Conformité

France : pourquoi les PME et ETI devraient aussi respecter la loi SAPIN 2 (même si elles n’y sont pas soumises)

Les entreprises françaises ont encore d’importants progrès à faire en terme de dispositifs anticorruption selon l’AFA

Dans un diagnostic récent, l’AFA (Agence Française Anticorruption) dresse un bilan des avancées en matière de dispositifs anticorruption dans les entreprises françaises. L’objectif de cet état des lieux est de mieux apprécier et comprendre la prise en main de la lutte anticorruption par les entreprises depuis 2016, qu’elles soient soumises ou non aux obligations de conformité de la loi Sapin 2. Pour mémoire, ces mesures sont obligatoires pour les entreprises qui emploient au moins 500 salariés et dont le chiffre d’affaire est supérieur à 100 millions d’euros.
La loi leur impose notamment d’adopter un code de conduite prohibant la corruption, un dispositif d’alerte interne pour recueillir les signalements, une cartographie des risques régulièrement mise à jour, l’évaluation de leurs tiers, des procédures de contrôle comptables dédiées, un dispositif de formation pour les personnels exposés aux risques, un régime de sanction et un dispositif de contrôle des mesures mises en œuvre

Quatre ans après sa mise en œuvre, ce rapport de l’AFA tire des enseignements  globalement similaires à ceux issus d’une autre étude récente, le 3ème baromètre Grant Thornton (que nous avons rapportées ici) : les entreprises françaises ont fourni des efforts réels, mais encore insuffisants.
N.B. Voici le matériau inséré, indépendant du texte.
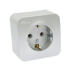 2-постовая накладная розетка с заземлением, изолирующей пластиной и алюминиевым покрытием для безопасного подключения электроприборов.
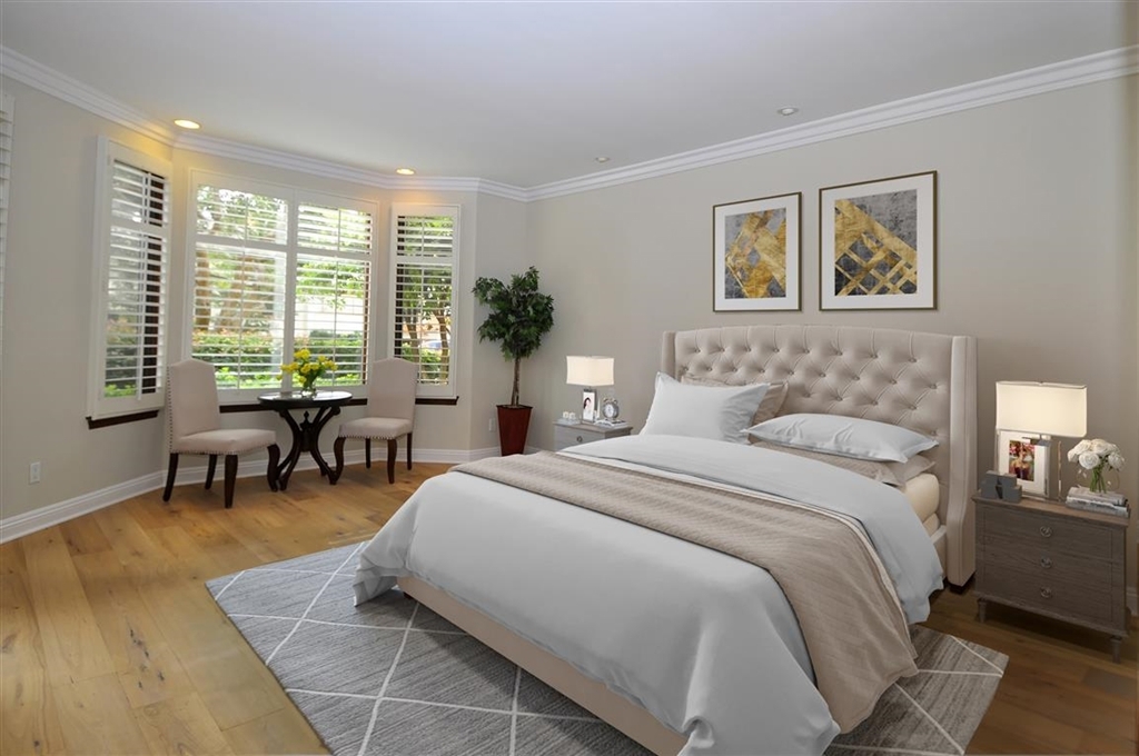 Beautiful La Jolla Village Executive ONE LEVEL Turn-Key Condo-Home, located in the Hart of the Village featuring two large Master Bedrooms + Two Exquisite Bathrooms with high-end features. Kitchen has built-in stainless steel appliances, granite counter tops, natural stone back splash, Breakfast Counter plus Kitchen Nook with travertine flooring. The Open Floor Plan features Tall Ceilings, Hardwood Flooring, L/R Gas Log Fire Place with direct access to a delightful Patio to & from the L/R & M/Bedroom +. Neighborhoods: VILLAGE Complex Features: , Equipment: Dryer,Garage Door Opener Other Fees: 0 Sewer: Sewer Connected, Public Sewer Topography: LL Guest House Est. SQFT: 0

Plusieurs axes d’amélioration selon l’AFA

70% des entreprises ont en effet mis en place un dispositif de lutte anticorruption, dont près de la moitié à la suite de la loi Sapin 2. Dans leur ensemble, les entreprises ont d’ailleurs le sentiment de bien maîtriser le sujet. Mais le risque de corruption est de facto souvent sous-estimé* (voir plus bas), et les réponses apportées demeurent insuffisantes en cas de corruption avérée. Au cours des cinq dernières années, 22% des entreprises françaises ont ainsi été confrontées à des cas de corruption. Parmi elles, la moitié seulement a engagé des procédures disciplinaires contre les personnes responsables. Et même si toutes ces procédures ont de fait abouti à une sanction disciplinaire, seulement 20% d’entre elles ont accompagné la sanction disciplinaire d’une plainte pénale.

Le rapport met aussi en évidence certaines des lacunes majeures qui peuvent particulièrement exposer ces entreprises aux risques de corruption, comme la cartographie des risques et l’évaluation des tiers.

Parfois, les entreprises ont déployé un dispositif a priori conforme, mais sur le terrain l’exécution laisse à désirer. Souvent, le problème est lié à un manque de sensibilisation à certains niveaux hiérarchiques : une partie du personnel manque d’informations sur le sujet, et ne sait donc pas bien repérer les risques de corruption.

Pour être plus efficaces en la matière, les entreprises gagneraient à se doter d’un responsable conformité pour piloter le dispositif, et avoir une vision d’ensemble des risques et de la stratégie à implémenter. A l’heure actuelle, plus de la moitié des organisations confient encore cette nouvelle responsabilité à des managers en charge d’autres fonctions au sein de l’entreprise, comme le directeur juridique ou le directeur de l’audit interne. Et même quand elles disposent d’un responsable conformité dédié, on observe souvent que ce dernier n’est pas assez impliqué dans les décisions stratégiques de l’entreprise. Les dirigeants risquent alors de prendre leurs décisions avec une vision partielle des dangers encourus.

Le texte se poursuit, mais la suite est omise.